On Fri, Jun 4, 2021 at 12:52 AM Feng Tang <[email protected]> wrote:
>
> On Fri, Jun 04, 2021 at 03:04:11PM +0800, Feng Tang wrote:
> > >
> > > The perf data doesn't even mention any of the GUP paths, and on the
> > > pure fork path the biggest impact would be:
> > >
> > > (a) maybe "struct mm_struct" changed in size or had a different cache layout
> >
> > Yes, this seems to be the cause of the regression.
> >
> > The test case is many thread are doing map/unmap at the same time,
> > so the process's rw_semaphore 'mmap_lock' is highly contended.
> >
> > Before the patch (with 0day's kconfig), the mmap_lock is separated
> > into 2 cachelines, the 'count' is in one line, and the other members
> > sit in the next line, so it luckily avoid some cache bouncing. After
> > the patch, the 'mmap_lock' is pushed into one cacheline, which may
> > cause the regression.

Ok, thanks for following up on this.

> We've tried some patch, which can restore the regerssion. As the
> newly added member 'write_protect_seq' is 4 bytes long, and putting
> it into an existing 4 bytes long hole can restore the regeression,
> while not affecting most of other member's alignment. Please review
> the following patch, thanks!

The patch looks fine to me.

At the same time, I do wonder if maybe it would be worth exploring if
it's a good idea to perhaps move the 'mmap_sem' thing instead.

Or at least add a big comment. It's not clear to me exactly _which_
other fields are the ones that are so hot that the contention on
mmap_sem then causes even more cacheline bouncing.

For example, is it either

(a) we *want* the mmap_sem to be in the first 128-byte region,
because then when we get the mmap_sem, the other fields in that same
cacheline are hot

OR

(b) we do *not* want mmap_sem to be in the *second* 128-byte region,
because there is something *else* in that region that is touched
independently of mmap_sem that is very very hot and now you get even
more bouncing?

but I can't tell which one it is.

It would be great to have a comment in the code - and in the commit
message - about exactly which fields are the criticial ones.
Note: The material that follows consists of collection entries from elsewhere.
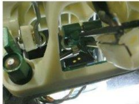
Φοτο № 16
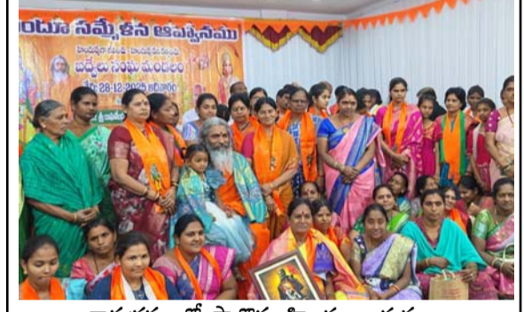
కార్యక్రమంలో పాల్గొన్న హిందూబంధువులు
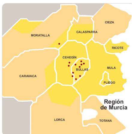
Mapa Zona Producción DOP Bullas

Las tierras de Ricote por sus características son ideales para la producción de uva que reúna las condiciones necesarias para producir vinos dignos de protección con el signo de calidad DOP Bullas.
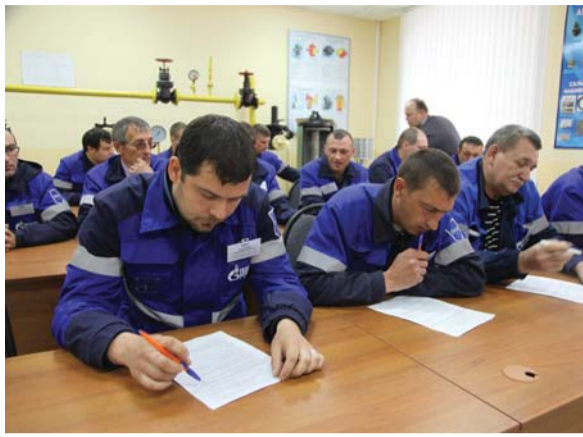
Проверка теоретических знаний по профессии

Результаты конкурса будут объявлены в торжественной обстановке на праздновании профессионального праздника — Дня работников нефтяной и газовой промышленности, а победитель смотра-конкурса, занявший первое место, будет получать ежемесячную надбавку в размере 30 процентов к должностному окладу за высокое профессиональное мастерство в течение года.
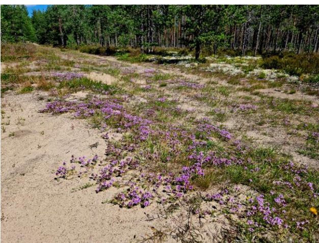
Kuva 17. Palanutkankaan itäosan kangasajuruohon esiintymää. Kuva pohjoiseen.
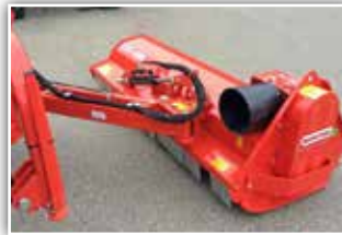
MASCHIO Giraffa 210 XL Seitenmulcher, Vorführmaschine , Antriebsgetriebe außenliegend, Gleitkufen, 540 U/min, Stützwalze, Gegenschneide, Arbeitsbreite 210 cm, hydr. Neignungsverstellung +90 bis -65 Grad
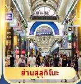
ย่านสุซึกิโนะ
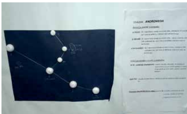
Slika 3: Ozvezdje Andromeda na plakatu.

V 9. razredu pri predmetu Zvezde in vesolje učenci izvedejo domačo praktično vajo, in sicer izdelajo maketo ozvezdja v merilu po navodilih in v določenem razmerju (slika 3).
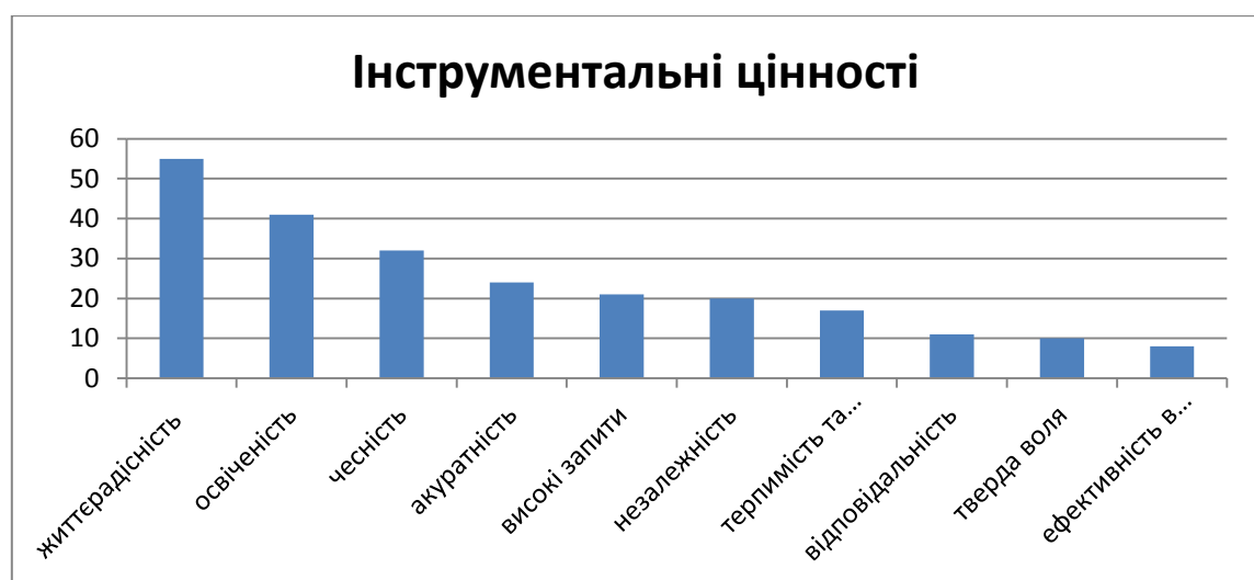
Рис. 3.1.3. Інструментальні цінності респондентів за результатами опитування респондентів по методиці М.Рокича

Отриманні результати нами було представлено на діаграмі (Рис 3.1.3)
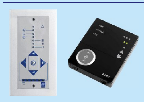
PANELE STERUJĄCE CI50 I CI60

Zastosowana w produktach FLEXIT® wyjątkowo dobra izolacja z wełny mineralnej w każdej ścianie sprawia, że odzyskane ciepło nie jest tracone przez ścianki boczne i jest w pełni przekazywane do pomieszczeń.
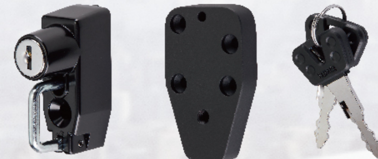
多功能支架配件 | $500 BFV-QF83B-00 安全帽鎖
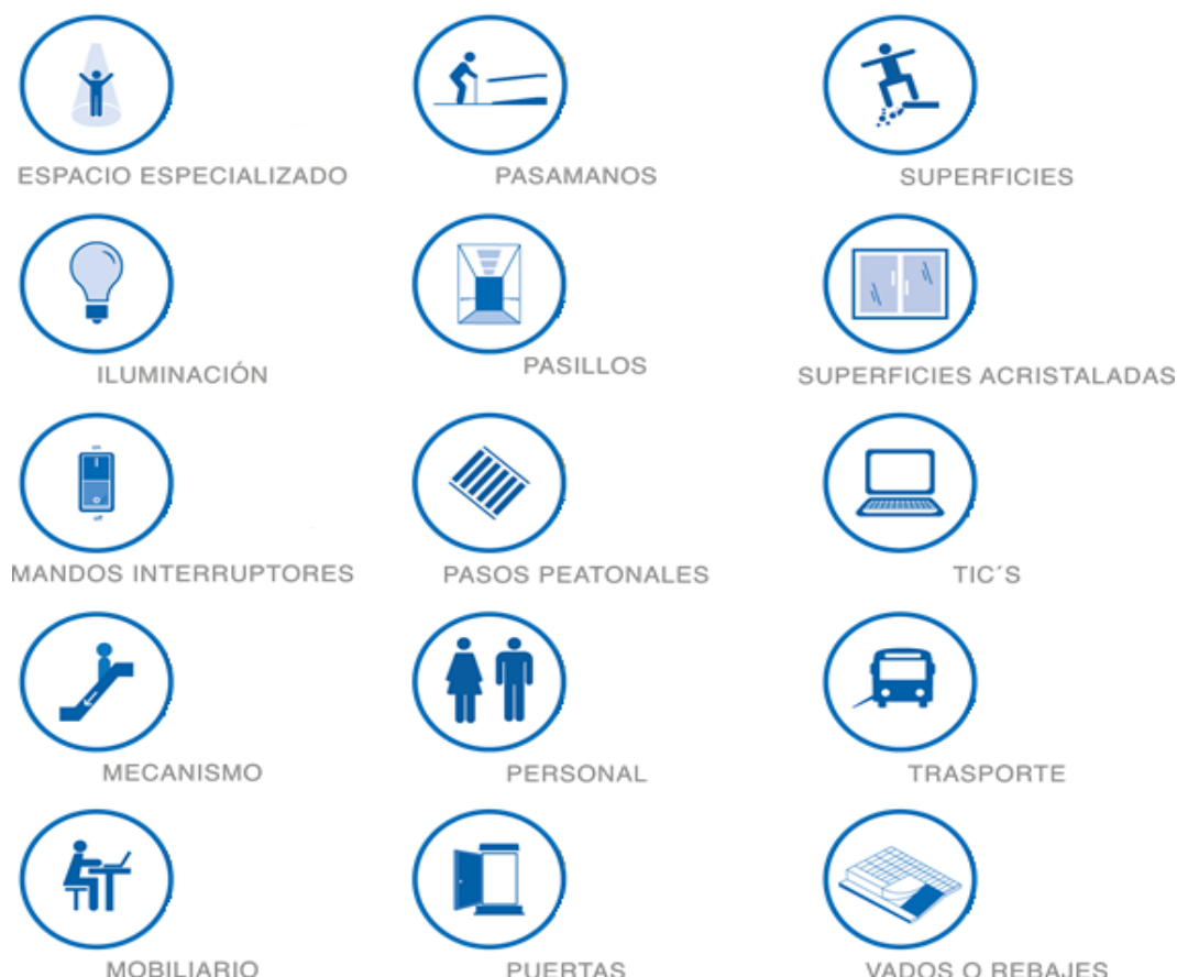
Figura 1: Unidades de observación

Because I
doubt it is 'write_protect_seq' itself that matters at all.

If it's "mmap_sem should be close to other commonly used fields",
maybe we should just move mmap_sem upwards in the structure?

Linus

2021-06-04 18:00:21

by John Hubbard

[permalink] [raw]
Subject: Re: [mm/gup] 57efa1fe59: will-it-scale.per_thread_ops -9.2% regression

On 6/4/21 12:52 AM, Feng Tang wrote:
...
>>> The perf data doesn't even mention any of the GUP paths, and on the
>>> pure fork path the biggest impact would be:
>>>
>>> (a) maybe "struct mm_struct" changed in size or had a different cache layout
>>
>> Yes, this seems to be the cause of the regression.
>>
>> The test case is many thread are doing map/unmap at the same time,
>> so the process's rw_semaphore 'mmap_lock' is highly contended.
>>
>> Before the patch (with 0day's kconfig), the mmap_lock is separated
>> into 2 cachelines, the 'count' is in one line, and the other members
>> sit in the next line, so it luckily avoid some cache bouncing. After

Wow! That's quite a fortunate layout to land on by accident. Almost
makes me wonder if mmap_lock should be designed to do that, but it's
probably even better to just keep working on having a less contended
mmap_lock.

I *suppose* it's worth trying to keep this fragile layout in place,
but it is a landmine for anyone who touches mm_struct. And the struct
is so large already that I'm not sure a comment warning would even
be noticed. Anyway...

>> the patch, the 'mmap_lock' is pushed into one cacheline, which may
>> cause the regression.
>>
>> Below is the pahole info:
>>
>> - before the patch
>>
>> spinlock_t page_table_lock; /* 116 4 */
>> struct rw_semaphore mmap_lock; /* 120 40 */
>> /* --- cacheline 2 boundary (128 bytes) was 32 bytes ago --- */
>> struct list_head mmlist; /* 160 16 */
>> long unsigned int hiwater_rss; /* 176 8 */
>>
>> - after the patch
>>
>> spinlock_t page_table_lock; /* 124 4 */
>> /* --- cacheline 2 boundary (128 bytes) --- */
>> struct rw_semaphore mmap_lock; /* 128 40 */
>> struct list_head mmlist; /* 168 16 */
>> long unsigned int hiwater_rss; /* 184 8 */
>>
>> perf c2c log can also confirm this.
>
> We've tried some patch, which can restore the regerssion. As the
> newly added member 'write_protect_seq' is 4 bytes long, and putting
> it into an existing 4 bytes long hole can restore the regeression,
> while not affecting most of other member's alignment. Please review
> the following patch, thanks!
>

So, this is a neat little solution, if we agree that it's worth "fixing".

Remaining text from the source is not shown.